Sarhan began photography work in 1998, and mostly worked as a freelance photographer for international organizations. He has taken photographs of closed off areas within Palestine, and of the ongoing conflict.

Some of his notable visual artworks include The Lighthouse of Gaza (2016), a public sculpture and installation; Clutter re-Making (2018), a sculptural installation; and Soldiers and the Concrete Base, multimedia (2019–2021).

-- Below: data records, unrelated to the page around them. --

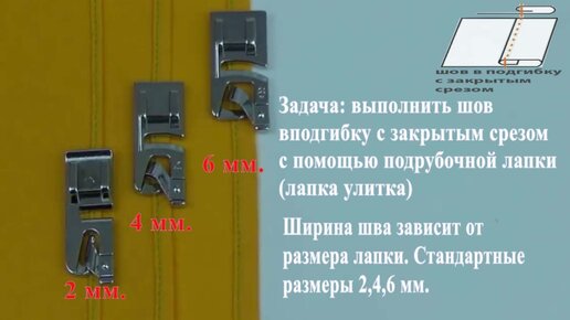 Шов с закрытым срезом с помощью подрубочной лапки(лапка улитка)
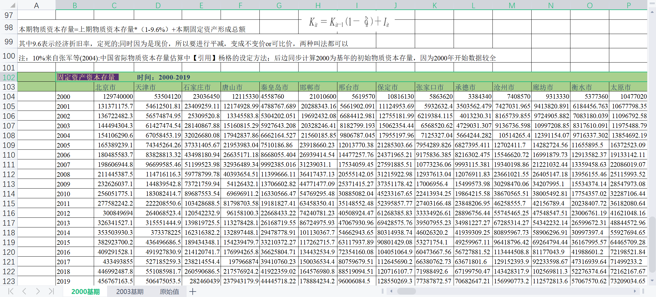 2000-2019年地级市固定资产投资额名义值及资本存量
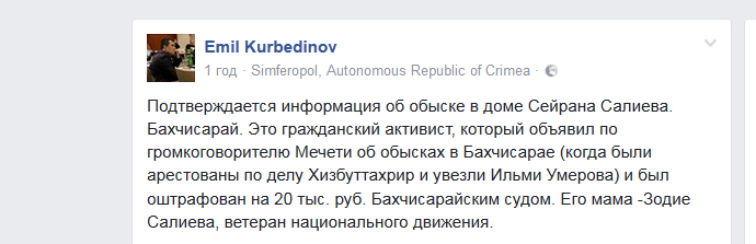 Глава ЦИК Курултая крымскотатарского народа Заир Смедляев пишет, что во время обыска изъяли мобильные телефоны, а самого Салиева увезли в участок полиции.

In the summer of 2014, and during the course of the 51 days of Israeli offensive against Gaza, Sarhan created a series of 51 photographs related to the event. Sarhan started visiting factories and workshops in Gaza in 2017 to collected discarded materials such as aluminum. He would take the discarded materials and created art in the form of Arabic letters in bright colors.

Sarhan is one of the founding members of Shababeek for Contemporary Art (Windows From Gaza), located on the Gaza Strip. Shababeek grew to some 250 members in 2019. The Shababeek for Contemporary Art building was located across from the Al-Shifa Hospital, and in April 2024 during the Gaza war, the building was destroyed by Israel. It was the last contemporary artist space in Gaza at the time. The Lighthouse of Gaza was also destroyed during the war. Sarhan and his family evacuated to France where in 2026 he recreated the lighthouse under the title Re-Lighthouse.

Sarhan won the Bronze Award (2010) at the Festival of Arab Photographers Europe in Berlin, Germany. He is a member of the Palestinian Artists Association. Sarhan was featured in a Deutsche Welle (DW) documentary titled, Preserving Gaza's Photographic History (2020), directed by Tania Krämer.